Mr-Markus / ZigbeeNet

A .NET Standard library for working with ZigBee
Eclipse Public License 1.0
130 stars 46 forks source link

Serial connection dies every 59 minutes #148

Closed reinux closed 3 years ago

reinux commented 3 years ago

I see an exception in my logs, and it stops responding or receiving commands. Using ConBee II.

2021-03-14 11:04:00.619 -07:00 [ERR] Error while reading from serial port: The operation was canceled.
System.OperationCanceledException: The operation was canceled.
   at System.IO.Ports.SerialStream.EndRead(IAsyncResult asyncResult)
   at System.IO.Ports.SerialStream.Read(Byte[] array, Int32 offset, Int32 count, Int32 timeout)
   at System.IO.Ports.SerialPort.Read(Byte[] buffer, Int32 offset, Int32 count)
   at ZigBeeNet.Tranport.SerialPort.ZigBeeSerialPort.ReaderTask()

It happens every 59 minutes (58 minutes and 53 seconds, to be exact) without fail, so I'm pretty certain it isn't a hardware issue. Especially since it works fine with deConz.

It happens even when all I'm doing is Initialize() and Startup(false).

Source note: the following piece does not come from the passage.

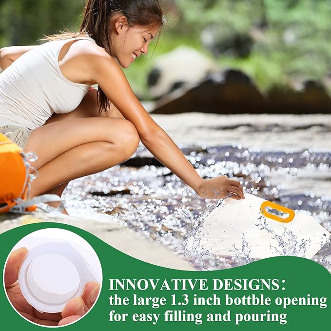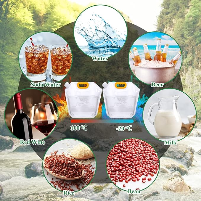 - Nice Sealing Performance: with reliable material and workmanship, the water bags for camping are waterproof and leakproof, able to work well on hot or cold condition, thus can well seal the liquid inside, keep them from leaking; Besides, the bags can stand stably on smooth surfaces once you fill them with water, not easy to roll over

Looking at ZigBeeSerialPort.ReaderTask(), it looks like it makes an attempt to continue on, but it still dies.

Mr-Markus commented 3 years ago

I do not think that it comes from ZigBeeNet library. Maybe it is your host OS? It also could be possible that deConz automatically reconnects without any hint, but I am not sure about it

reinux commented 3 years ago

Welp, I tried updating the firmware on the ConBee II, and now Initialize() doesn't return 🥴

It's still correctly interpreting commands and dropping them (because it's still in init), so I'm pretty sure it's nothing to do with the baud rate or flow control. Tried clearing the data store too.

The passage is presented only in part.